Dear @alecw, We have started working on your issue recently. During the work, we reproduced your bug and analyzed the .vcf file that you used during validation and subsequent conversion to the .bcf format. We would like to clarify the order of calling the utilities of GATK, which you used to get the final .vcf file. If we correctly understood, you called HaplotypeCaller (see the documentetion here: https://software.broadinstitute.org/gatk/documentation/tooldocs/current/org_broadinstitute_hellbender_tools_walkers_haplotypecaller_HaplotypeCaller.php) to get the file into the .g.vcf format. After that, you call the utility VariantFiltration(see the documentation here: https://software.broadinstitute.org/gatk/documentation/tooldocs/current/org_broadinstitute_hellbender_tools_walkers_filters_VariantFiltration.php) to filter variant calls based on INFO and FORMAT annotations. After that, your original .g.vcf file was converted to .vcf format. This transformation, unfortunately, is not valid at the moment. As a result, you get a file in the .vcf format, which contains the attributes of the .g.vcf file. In general, according to the documentation of the gatk: “GVCF stands for Genomic VCF. A VCF is a form of VCF (see the spec documentation here: https://gatkforums.broadinstitute.org/gatk/discussion/4017/what-is-agvcf-and-how-is-it-different-from-a-regular-vcf ), but a Genomic VCF contains extra information ”. As a result, due to the fact that ValidateVariants checks only fields and attributes corresponding to the .vcf file, your file is validated and an error occurs only at the conversion stage.
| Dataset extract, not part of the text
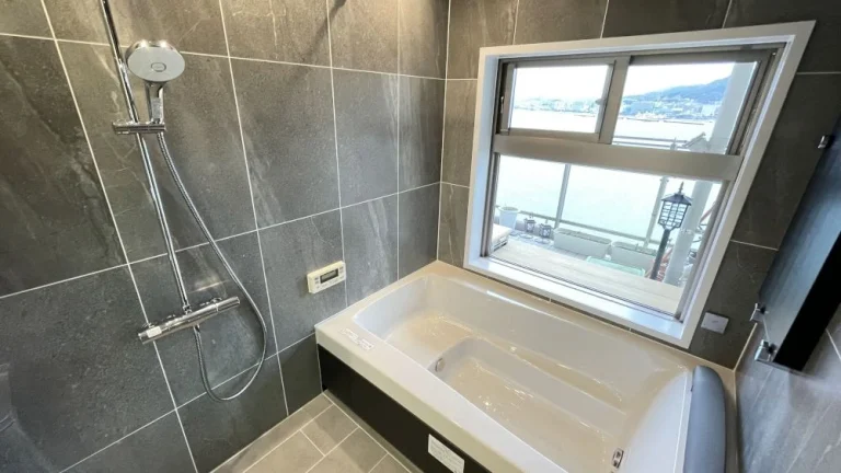 こちらのお客様は、ジェットバスをオプションで選ばれました。肩に柔らかくお湯を流す肩湯は快適でしかもしっかり身体を暖めてくれます。ジェットバスはエアを含まない水流で音が静かなタイプなので、マンションでも騒音が気になりません。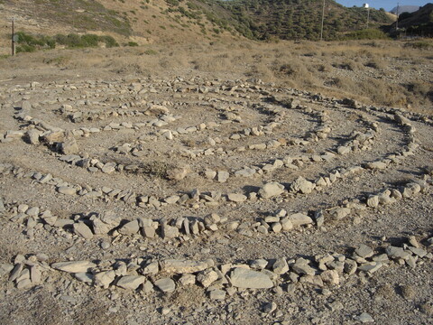 A friend has told us where to find the labyrinth: not far from a threshing floor on the barren hillside on the outskirts of the village. There were several circular threshing floors in this village once, slabs of concrete edged with paving stones, last used perhaps thirty years ago at harvest time. On summer nights I often sat within that magic space stargazing at the frothy spirals of the milky way and in the day time, sometimes, I danced. No other landscape had ever inspired me to dance with joy as Crete did when I was twenty-five. Observed by no one but the rocks and a friendly donkey tethered nearby, I whirled in a purple granny dress and flung my arms out towards the cobalt sea in gestures of longing, benediction, and pure delight. I did not know then that dance was a form of worship in ancient times, but something in the landscape spoke directly to my body and my feet.

Dear @lbergelson @davidbenjamin, As a possible solution we suggest to add extra validation at least by extension to the ValidateVariants class of GATK (link to the Github: https://github.com/broadinstitute/gatk/blob/master/src/main/java/org/broadinstitute/hellbender/tools/walkers/variantutils/ValidateVariants.java). This can prevent errors like the one that occurred in this issue.

davidbenjamin commented 5 years ago

I'm not on the engine team and Louis is on paternity leave. I'll let @droazen and @jamesemery sort this out.

cmnbroad commented 5 years ago

Looks like there are a few things going on here. The ValidateVariants command above excludes all validation types:

gatk-launch ValidateVariants -R /broad/mccarroll/software/metadata/individual_reference/hg19/hg19.fasta -V buggy.vcf --validationTypeToExclude ALL

so no actual validation was being done there (this should probably issue a warning that no validation is being done).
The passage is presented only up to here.